14
Mar
2005

THANK YOU, I’LL BE HERE ALL WEEK

There’s a weird feeling hovering about my head these days. I started this journal with the expressed intention of kick-starting my writing again, after a long drought during which I changed just about everything in my life it was possible to change: my marital status, my country of residence, my language skills; my identity as a woman blending with the new and all consuming challenges of being a wife and a mother. I had no time or energy for the person I used to be, or the pursuits I used to enjoy. It was a nearly total reversal of too many things that I had once considered a fundamental part of myself.

No painting or artwork
No singing
No writing
No new music
No money to travel or buy books or go out to eat
No job
and guess what? No internet…or well, nearly none.
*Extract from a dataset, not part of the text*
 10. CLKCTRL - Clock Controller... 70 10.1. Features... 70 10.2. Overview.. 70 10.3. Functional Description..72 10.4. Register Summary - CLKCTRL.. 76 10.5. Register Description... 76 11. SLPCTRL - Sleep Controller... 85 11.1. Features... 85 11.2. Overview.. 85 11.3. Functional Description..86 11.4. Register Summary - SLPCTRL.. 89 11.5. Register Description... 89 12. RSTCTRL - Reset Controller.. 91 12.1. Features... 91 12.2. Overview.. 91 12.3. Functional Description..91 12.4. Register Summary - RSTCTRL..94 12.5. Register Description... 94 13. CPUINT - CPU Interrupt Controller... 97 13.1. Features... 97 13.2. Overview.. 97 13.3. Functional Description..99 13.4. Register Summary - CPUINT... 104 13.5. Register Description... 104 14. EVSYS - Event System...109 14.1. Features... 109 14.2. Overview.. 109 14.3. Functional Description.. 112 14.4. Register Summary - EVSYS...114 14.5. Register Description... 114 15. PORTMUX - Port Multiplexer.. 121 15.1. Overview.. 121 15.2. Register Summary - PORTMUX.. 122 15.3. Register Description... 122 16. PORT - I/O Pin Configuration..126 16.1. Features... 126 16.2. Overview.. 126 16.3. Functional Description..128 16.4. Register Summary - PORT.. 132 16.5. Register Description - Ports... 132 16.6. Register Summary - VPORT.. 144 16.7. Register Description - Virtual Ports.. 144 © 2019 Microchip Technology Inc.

I spent 3 years at home being pregnant, learning Swedish, realizing the beginnings of my limits as a parent, becoming assimilated. I thought I would have plenty of time later to get back to the person I knew myself to be inside.
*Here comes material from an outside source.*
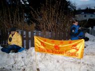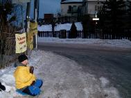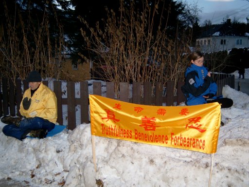 图片报道:1月13-14日挪威大法弟子在中国大使馆前敦促中国停止迫害法轮功

Some of those things I’ve found my way back to, at least in part: the singing, the artwork, the creative expression, a job I love. I’ve found my way back to writing too, but not quite in the way I had envisioned. To be perfectly honest, and I mean, perfectly honest, I’ve never had the kind of personal pressure to write that I’ve felt lately. Not even as an English major finishing up a Liberal Arts degree, with an emphasis on writing. Creative writing. Poetry. Short stories. It’s nothing compared to the pressure I place on myself to write in this journal. I love this journal, like I love the community and the support it’s brought me, but some days I worry that I will end up feeling the same way about this journal that I too often feel about the American Women’s Club I’ve worked so hard for, for the last 7 years.

I write because I love it. And I write because I feel an obligation. Both to myself and to my audience. Even the first few months of writing this journal, when I had maybe a handful of readers, I wanted that audience. I wanted the feedback and the encouragement and the pats on the back. I want people to read what I have to say, and I want to feel that I’m saying it in the best way that I can. I need the deadline and the pressure because it pushes me to put words together. To put words together WELL. I’m not a storyteller, like so many wonderful writers out there. I wish I was. I’m envious of that gift, again, being honest. But I know that I’m a good writer, that I can make people think, that I can make them laugh, that I can, sometimes at least, make them feel.

I write notes in ink on my palm (“snowman diet…like water“) so I’ll remember phrases I want to say, things I want to tell you. I send myself email messages sometimes, because my memory isn’t all it used to be. This journal, my writing,…it’s a chronicle, my forum, an electronic podium for someone that has never been comfortable speaking in public, someone who doesn’t get into big debates about hot-button issues. It’s just a place for me to put words together. And hopefully do it well.

I sat on the sofa tonight, and wondered if I was going to write in my journal or if I was going to blow it off and just go on to bed. But I have a problem with disappointing someone both by not showing up and by not doing what I promised. And the person I would be disappointing the most is me. I’m glad you’re listening. I thank you for it.